Самсончик примял кепку и пошел, не торопясь. Шел, раскачиваясь, припадая на ноги, подражая походке заправских бойцов.

Васька догнал. Захлебнулся:

— Примем?

— При-мем, — спокойно протянул Самсончик и вдруг скомандовал:

— Стой! Остановились.

Шагах в двадцати — пряжинские задевалы: двое босоногих, как и покровские, один даже без шапки, и третий — в лакировках, пиджаке и московке, как большой.

Скидывая с плеч пиджак, оставшись в одной розовой с синим поясом рубахе, нарядный мальчуган закричал нестерпимо звонким, как разбиваемые вдребезги стекла, голосом:

— Пок-ро-о-в! Выхо-ди-и-и! Пряж-ка приш-ла-а-а-а!

Билось в ушах от невыносимого крика, даже обругался Васька, а Самсончик — так же, как розовый, — стеклом дребезжа:

— Поне-ес! Пряж-ка! По-не-е-с!

Выбежал, выставив полусогнутую левую руку и на отлете — правую.

Ждал.

Розовый, бросив на мостовую пиджак и фуражку, кинулся на Самсончика, наклонив в светлых бараньих кудряшках голову.

Схлестнулись. Отскочили.

Словно два волчка, полосатый и розовый, завертелись: один — на бронзово-золотистых, другой — на черно-блещущих ногах.

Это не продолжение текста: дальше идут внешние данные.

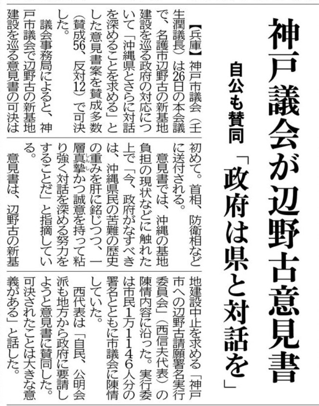 3月26日に開かれた神戸市会本会議で、政府に対して「辺野古基地建設について沖縄県と更に対話を深めることを求める意見書」が、賛成多数(賛成56、反対12)で採択された。

В коротком взмахе стремительно взлетали руки, хлопали, отбивали одна другую, выстрелами влеплялись в полосатое и розовое тела.

Пловец, шагу не могущий сделать, дрожащий от неописуемо радостного волнения, забравший в рот ворот рубахи, смотрел на еще не виданное по красоте единоборство.

Сжимались непроизвольно кулаки, топтались нетерпеливо ноги, до боли напрягаясь в икрах, и теребился, как удила, скрипящий на зубах ворот рубахи.

А когда розовый клубок отлетел, в розовую развернувшись полосу, всклубивши пыль мостовой, а полосатый Самсончик, выжидая, с рукой на отлете, с грудью, крутой поднявшейся ступенью, — крепко стоял, будто врос в площадь стройными смуглыми ногами, — Пловец, вскрикнув торжествующе: «Понес!» — бросился на двух пряжинских плашкетов, так же, как он минуту назад, нетерпеливо топтавшихся. Увидел на мгновение спокойные, детские на чистом лице глаза и другие — острые, на рябом широконосом лице; потом ощутил тупую боль под горлом, пропали четыре глаза и два лица, а ноги сами скользнули вперед; боль в спине и затылке.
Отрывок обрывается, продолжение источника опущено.